Well, at least the Brits are starting to get it right. British Prime Minister Rishi Sunak ended the European “consensus” on climate folly yesterday. In short order, he rolled back the phasing out of gas boilers, announced a five-year delay in the 2030 ban on gas and diesel cars, and denounced “costs that no one was ever really told about and which may not actually be necessary.”
Sunak gutsily challenged the assumption that purveyors of climate extremism hold the moral high ground. When a BBC reporter asked him if his decisions put him on the “wrong side of history,” the Prime Minister said it was his critics who must “justify to all of those families up and down the country why it’s right for them to find £5,000, £10,000, £15,000.”

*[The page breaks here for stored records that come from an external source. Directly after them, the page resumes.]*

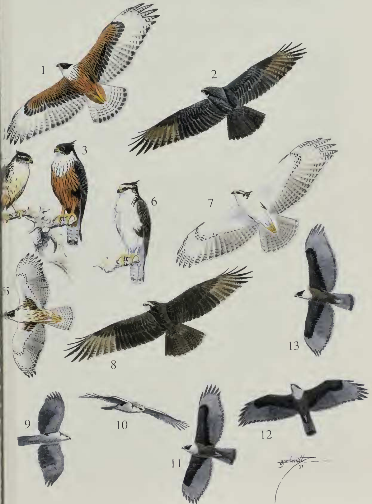
Plate 4. Rufous-bellied Eagles Hieraaetus kienerii . N. J. Schmitt 1 - 3 adults, 4 - 5 transitional, 6 - 10 juveniles, 11 - 13 adults.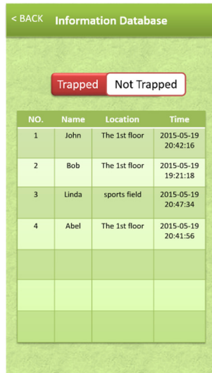
Fig. 3. The information inputting interface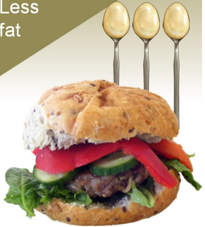
Burger with salad vegetables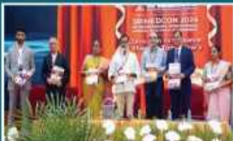
SRMC (DU) organized International Conference on Medical Education - SRMEDCON 2024 between 11 th and 13 th July 2024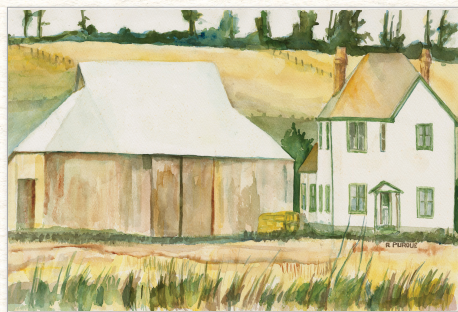
Smith House and Barn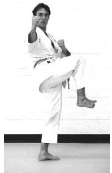
Outside crescent kick block picture 4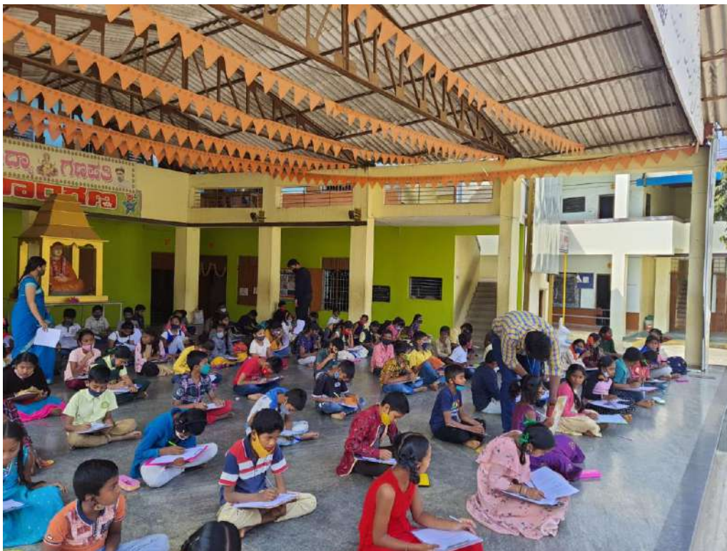
2. DSCASC students volunteering exam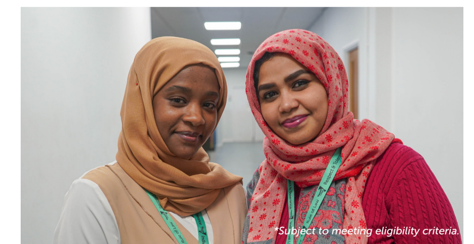
*Subject to meeting eligibility criteria.

ESOL classes for adults whose first language isn't English. They provide the opportunity to improve speaking, listening, reading and writing skills, and gain a nationally recognised English qualification.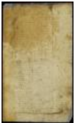
Patent of Lieve Jansen for land on Long Island (NYSA_A1880-78_VHHpt2_0001)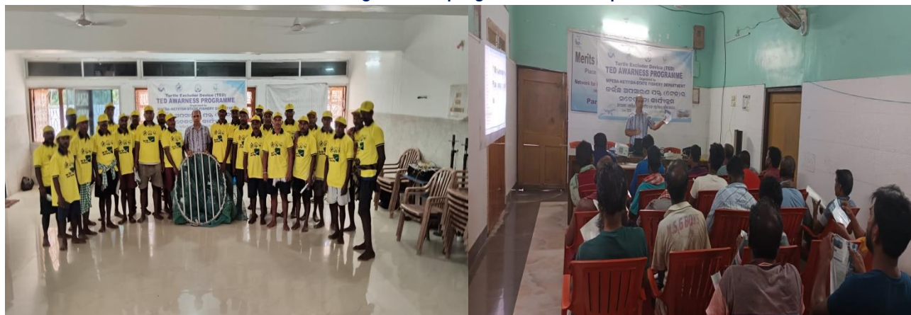
TED Awareness program at Paradeep & Balramgadi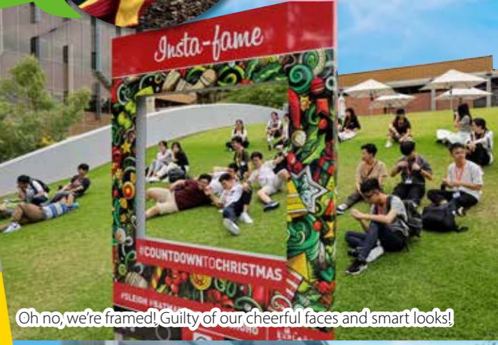
Oh no, we're framed! Guilty of our cheerful faces and smart looks!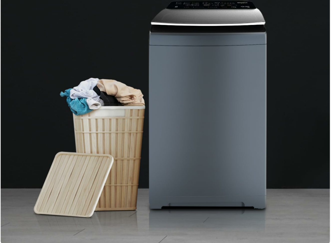
Figure 4.3: Additional features like ZPF Technology, Hard Water Wash, and Soft Close Lid.

7 YEAR ADDITIONAL WARRANTY ON MOTOR & PRIME MOVE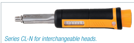
Series CL-N for interchangeable heads.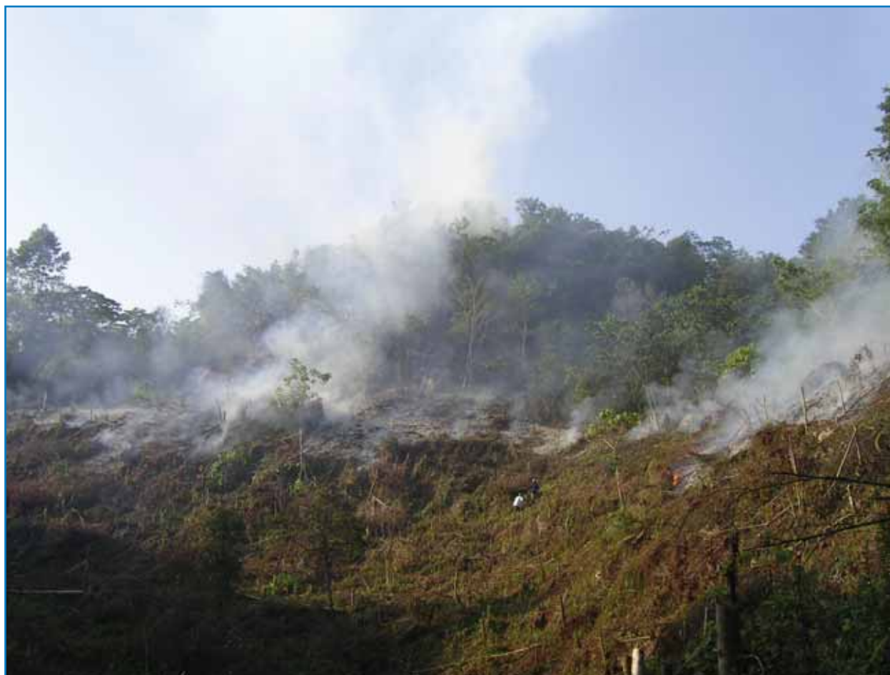
Slash-and-burn agriculture in Los Haitises IBA (DO018) is threatening the integrity of this critical ecosystem.

The protected areas of the Dominican Republic face multiple threats to the effective conservation of their biodiversity. These include uncertainties in land ownership, the lack of an appropriate system of compensation for the expropriation of land for conservation purposes, lack of clear policies for the administration and management of funds generated by protected areas, inadequate management of the areas, as well as delayed local development as a result of centralized policies. Knowledge of regulations and permitted uses of the protected areas is lacking, as is a general awareness of their importance, value and the ecological services they provide. Together with imprecise boundaries, these deficiencies lead to disturbances such as expansion of agricultural activities (including cattle grazing), as well as forest fires, deforestation, illegal hunting, fishing, and trafficking of endangered species. Other threats relate to the expansion of unsustainable tourism, mining, and hydro-electric projects. Finally, poverty levels in communities adjacent to the parks have led to unsustainable land-use practices and illegal human settlement both within the protected areas and their buffer zones. The threats faced by the nation's protected areas (many of which are IBAs) are indicative of what is happening to biodiversity across the country.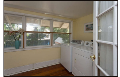
This upstairs bath has great vintage features, and you'll like the 2nd floor laundry.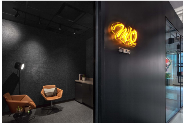
M. Moser Associates lactation room

M. Moser Associates The MLQ room at M. Moser's New York office.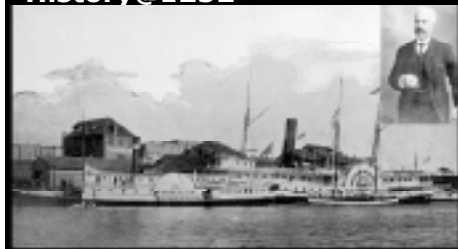
The S.S. Amelia and S.S. Olympian dock at the rear port of the 1252 Wharf Street lot (pictured to the left), ca. 1900.

April 1, 1902, 1252 Wharf Street, then 90 Wharf Street, became the home of Turner, Beeton & Company, Ltd. Turner & Beeton specialized in the sale of wholesale goods, liquors and cigars, the import and canning of salmon, and the manufacturing of textiles. One of its illustrious owners, John H. Turner (pictured above), also served as BC Finance Minister, BC Premier, and the provincial ambassador in London.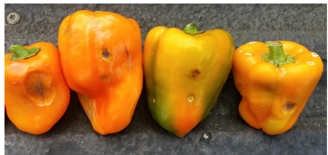
Fig 6. Gourmet F1 harvested at full maturity infected with Anthracnose fruit rot.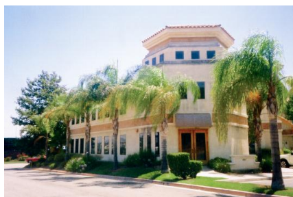
ACS WASC Temecula Office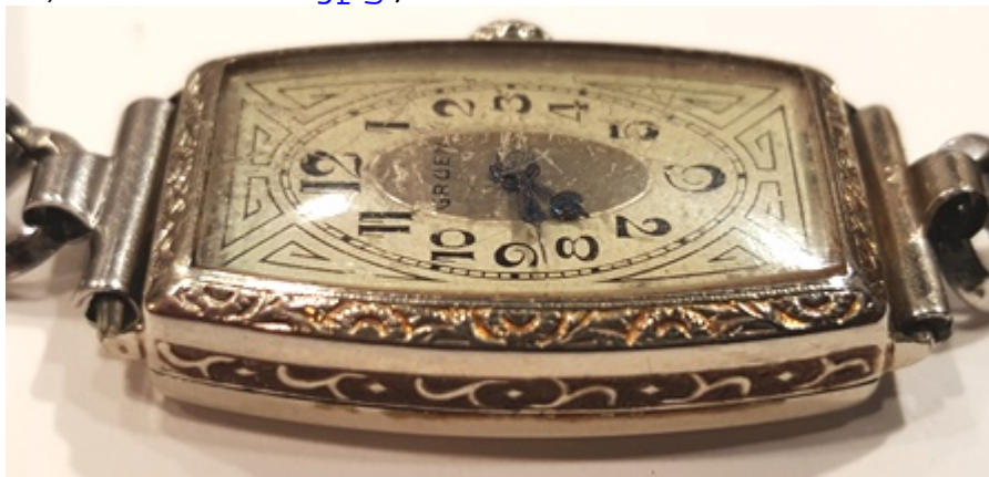
3) Dial.jpg , downloaded 2144 times

Climate activists were horrified.
The BBC’s stream of Sunak’s speech came with a health warning that it “contains language which may offend.” Former Prime Minister Boris Johnson – one of the worst UK leaders since Neville Chamberlin – fumed that Sunak is giving up the fight against global warming.
Rishi faces an election in just over the year and is betting that exhausted voters are unwilling to pay a massive climate “tax” to achieve arbitrary green targets. The free market is the way to do that (see above). Britain’s emissions have fallen by 49 percent since 1990, despite the economy growing by 75 percent during the same period.
We have been critical of Sunak in the past, but he is turning out to be the voice of sanity on climate change among world leaders. How sad that the least sane voice on climate change is sitting in the White House.